Question

HTSeq with transcriptome alignment- finding the right gtf

0

Entering edit mode

8.5 years ago

k.s.moore113 • 0

I received a transcriptome-aligned bam file from a coworker, which looks a little different than what I'm used to. A sample read from his bam looks like this:

HISEQ:240:C8VGLANXX:1:1101:1007:4288    0   gi|311893327|ref|NM_001198861.1|    365 255 26M *   0   0   NTTGGACAGGCGAATTCATGGTCGTG  #<<ABGGDGGGGGGGGGGGGGGGDGB  XA:i:1  MD:Z:0T25   NM:i:1

It lacks a chromosome identifier, which is a bit strange. Still, I thought I would be able to use a refseq GTF to count the reads with HTSeq, since a refseq identifier is present. My GTF file looks like this:

chr1    ucsc_refGene    exon    4782568 4782733 .   -   .   gene_id "Mrpl15"; transcript_id "NM_001177658"; exon_number "3"; exon_id "NM_001177658.3"; gene_name "Mrpl15";

My colleague was unsure whether his strands were reversed, so I ran HTSeq twice, once with --stranded=yes and once with --stranded=reverse. Either way, the read count tables report 0 reads for every gene:

Stranded=yes:
__no_feature    10954731
__ambiguous 0
__too_low_aQual 0
__not_aligned   5947831
__alignment_not_unique  0

Stranded=reverse
__no_feature    10954731
__ambiguous 0
__too_low_aQual 0
__not_aligned   5947831
__alignment_not_unique  0

I invoked HTSeq like this:

python -m HTSeq.scripts.count -f bam -r name --type=CDS --idattr=gene_id --mode=union --stranded=reverse blahblah.bam ucsc_refseq.gtf > blahblah-CDS-reverse.txt

I suppose the problem is that this isn't really the right gtf to use with this bam, but I'm not sure where I can get right kind, or what it should look like. Help?

RNA-Seq sequencing next-gen HTSeq • 3.9k views

ADD COMMENT • link updated 8.5 years ago by GenoMax 147k • written 8.5 years ago by k.s.moore113 • 0

0

Entering edit mode

Hi, Not sure if this is the right answer. Does your bam file has a header? It happened to me before that the alignment was done with a reference where the chromosomes were identified as '1, 2, 3 ...' and in the gtf file they are identified as 'chr1, chr2, chr3, ...'. I believe that if this is the case you can just modify the chromosome names in the gtf file. You can do: sed 's/^chr/^/g' gtf_file -i

ADD REPLY • link 8.5 years ago by mjg ▴ 30

0

Entering edit mode

I've had that problem too, and I don't think this is the same thing. Normally, my bam files look like this:

HISEQ:240:C8VGLANXX:1:1101:1000:59382 321 chr9 49079038 0 50M chr15 81972436 0 NCTTGGTCCTGTTTCCTCCTGTGGCCCGGAGTTTGATGTGCAGGGCAGTG #3<:AGGDGGGGGGGGGGGFFDFEGGGGGGGGGGGGGEDGGGGFGDGGGG AS:i:-6 XN:i:0 XM:i:2

In the example above, my coworker's bam does not appear to have a chromosome id at all. Instead of chromosome and position, it just gives a refseq ID (gi|311893327|ref|NM_001198861.1). I'm not sure how to work around this.

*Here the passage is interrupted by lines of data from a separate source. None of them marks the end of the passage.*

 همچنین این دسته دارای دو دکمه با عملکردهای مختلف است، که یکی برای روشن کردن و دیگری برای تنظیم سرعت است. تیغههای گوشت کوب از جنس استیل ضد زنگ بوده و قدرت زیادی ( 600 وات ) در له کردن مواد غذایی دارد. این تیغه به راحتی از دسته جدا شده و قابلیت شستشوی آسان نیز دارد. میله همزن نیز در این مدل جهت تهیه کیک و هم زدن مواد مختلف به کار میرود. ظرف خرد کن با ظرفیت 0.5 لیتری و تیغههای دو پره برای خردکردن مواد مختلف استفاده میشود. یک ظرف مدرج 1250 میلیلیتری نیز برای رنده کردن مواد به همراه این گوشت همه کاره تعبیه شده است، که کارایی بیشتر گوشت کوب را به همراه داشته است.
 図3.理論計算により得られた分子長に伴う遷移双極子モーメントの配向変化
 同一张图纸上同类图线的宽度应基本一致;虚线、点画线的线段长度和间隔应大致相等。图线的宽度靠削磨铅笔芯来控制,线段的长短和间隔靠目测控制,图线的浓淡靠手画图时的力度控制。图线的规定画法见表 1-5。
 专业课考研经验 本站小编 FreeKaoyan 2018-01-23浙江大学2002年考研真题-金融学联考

ADD REPLY • link 8.5 years ago by k.s.moore113 • 0

0

Entering edit mode

Since your BAM is aligned to refseq mRNA (at least that one example) no standard GTF file is going to work for counting (unless you make one up yourself) or you could convert the bam back into fastq's and then align to the genome again. Then you can use a standard GTF file.

ADD REPLY • link 8.5 years ago by GenoMax 147k

0

Entering edit mode

8.5 years ago

mjg ▴ 30

Sorry I added the answer as a comment..

Hi, Not sure if this is the right answer. Does your bam file has a header? It happened to me before that the alignment was done with a reference where the chromosomes were identified as '1, 2, 3 ...' and in the gtf file they are identified as 'chr1, chr2, chr3, ...'. I believe that if this is the case you can just modify the chromosome names in the gtf file. You can do: sed 's/^chr/^/g' gtf_file -i

ADD COMMENT • link 8.5 years ago by mjg ▴ 30

0

Entering edit mode

Well, I replied without noticing it was a comment instead of an answer. See above.

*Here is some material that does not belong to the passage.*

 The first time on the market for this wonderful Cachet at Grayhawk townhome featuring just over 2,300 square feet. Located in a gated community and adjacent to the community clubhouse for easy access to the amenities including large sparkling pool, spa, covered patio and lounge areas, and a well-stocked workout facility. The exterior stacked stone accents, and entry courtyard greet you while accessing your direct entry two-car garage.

ADD REPLY • link 8.5 years ago by k.s.moore113 • 0

0

Entering edit mode

This solution is not applicable in this case.

ADD REPLY • link 8.5 years ago by GenoMax 147k

score 3 · Accepted Answer · 2016-05-11

3

Entering edit mode

8.5 years ago

michael.ante ★ 3.9k

Since it's already aligned to the transcriptome, you can use for instance RSEM.

While aligning to the transcriptome you will encounter a lot of multi-mapping reads. Each time two or more transcripts share one exon, a read landing to that exon will be counted multiple times. Therefore, you don't want to use HTSeq-count.

ADD COMMENT • link 8.5 years ago by michael.ante ★ 3.9k

0

Entering edit mode

I've never used RSEM before. It looks quite difficult. I'm a lowly PhD student in a lab with no real bioinformatics support, and nearly everything I know about bioinformatics in general and RNAseq in particular I've taught myself via online tutorials. I know it's a bit of a faux pax to ask this, but is there anything out there that's a little more user friendly?

Edited to add: The only thing my colleague really wants to know is the read distribution over transcript features, i.e. how many reads fall within the 5'UTR vs the coding sequence etc. I thought this would be easy to do with HTSeq count, but... nope.

ADD REPLY • link 8.5 years ago by k.s.moore113 • 0

0

Entering edit mode

To be honest I would just convert the bam back to fastq files (or ask for the original fastq files) and do a proper mapping to the genome, that might save you some trouble (and you will find nice explanations on how to do that).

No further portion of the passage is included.